THERE ARE QUESTIONS OF FACT WHETHER THE FORFEITURE OF THE VEHICLE USED FOR FOOD VENDING WITHOUT A LICENSE IS “PUNITIVE” IN NATURE AND VIOLATES THE “EXCESSIVE FINES” CLAUSES OF THE NEW YORK STATE AND UNITED STATES CONSTITUTIONS; THE FINES IMPOSED FOR THE FOOD VENDING VIOLATION WERE $2600 AND THE VALUE OF THE VEHICLE IS $40,000 (FIRST DEPT).

The First Department, in a full-fledged opinion by Justice Gesmer, determined the forfeiture of Thomas Jones’ vehicle for food vending without a license violated the Excessive Fines clauses of both the State and Federal Constitutions. The vehicle was worth $40,000, and the fine imposed for vending without a license was $2600:

The City … commenced this proceeding in Supreme Court pursuant to Administrative Code of City of NY §§ 17-321(c) and 17-322 to seize and order forfeiture of Jones’ truck.

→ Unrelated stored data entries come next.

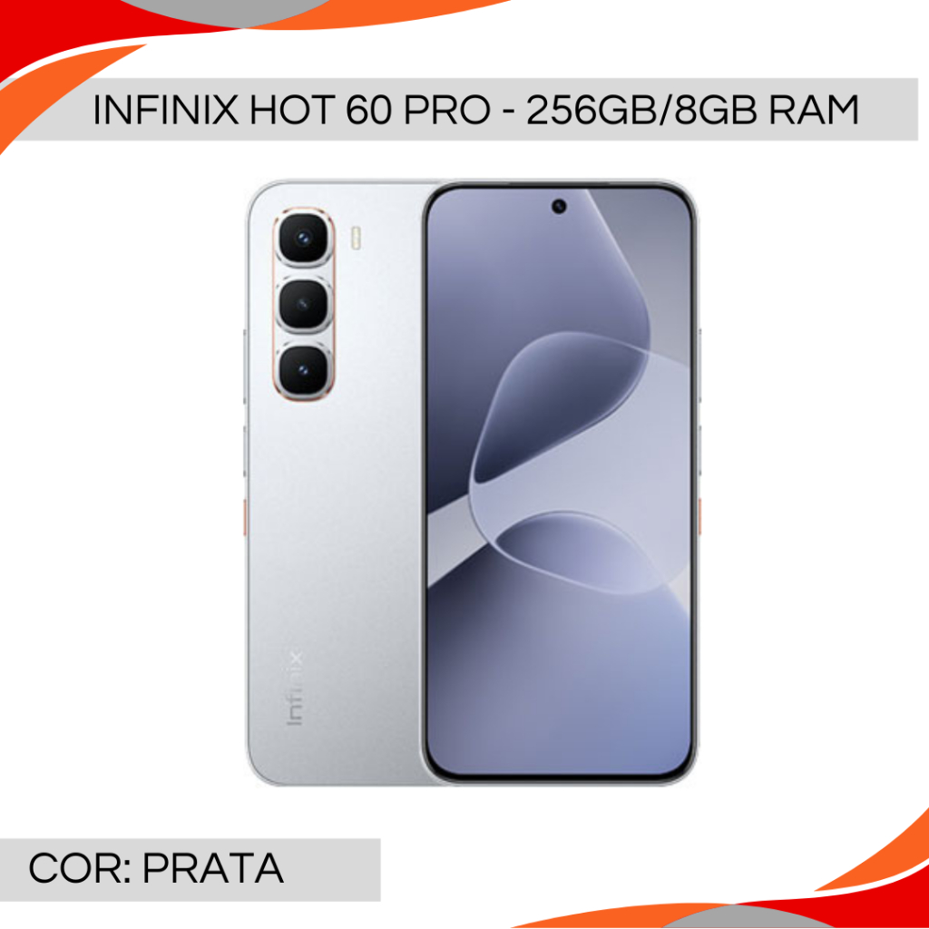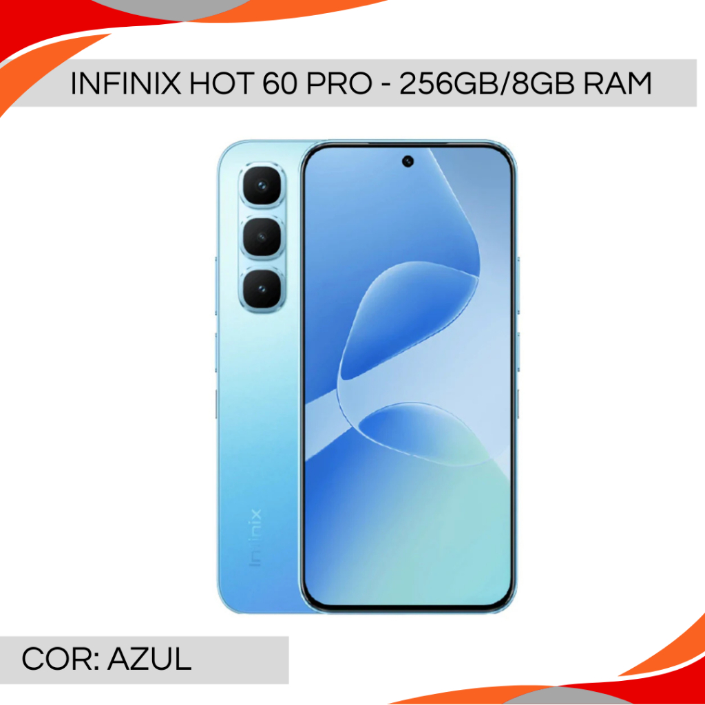 Infinix Hot 60 Pro 256GB/8GB RAM, Versão Global, Processador MediaTek Helio G200, Câmera 50MP Bateria 5160mAh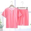 Pijama de seda de algodón para mujer, de verano, fino, de manga corta, tipo cárdigan, estilo coreano, fresco, transpirable, de seda de algodón, ropa de casa.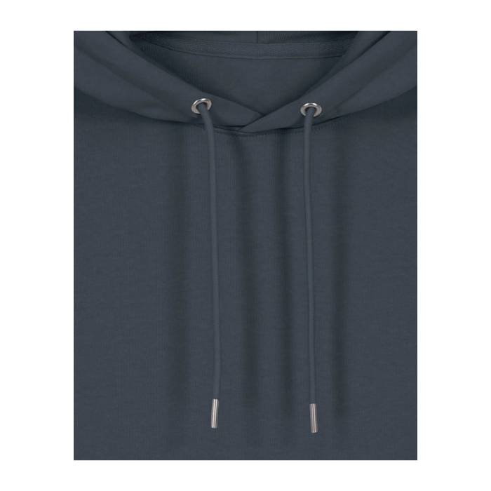 350 g/m² súlyú, bolyhosított polár anyagból készült kapucnis pulóver, dupla rétegű kapucnival, színben harmonizáló húzózsinórokkal és kifogástalan varrással rendelkezik. 100% organikus pamutból készült.

Administrative Code § 17—321(a) permits both public health officials and the police to enforce food vending codes. Section 17-321(c)(iii) permits police or public health officials to seize a food vending vehicle being used by an unlicensed vendor and any food being offered for sale. If forfeiture proceedings are not commenced, the vendor may be charged with the “reasonable costs for removal and storage payable prior to the release of such food, vehicle or pushcart.” Section 17—322(a) provides for forfeiture of “all property seized” from unlicensed food vendors “[i]n addition to any penalties imposed” pursuant to Section 17-325. Section 17-325(a) provides that vending food without a license is a misdemeanor punishable by a fine of up to $1,000, imprisonment for up to three months, or both. Section 17-325(c) provides for additional fines for unlicensed food vendors.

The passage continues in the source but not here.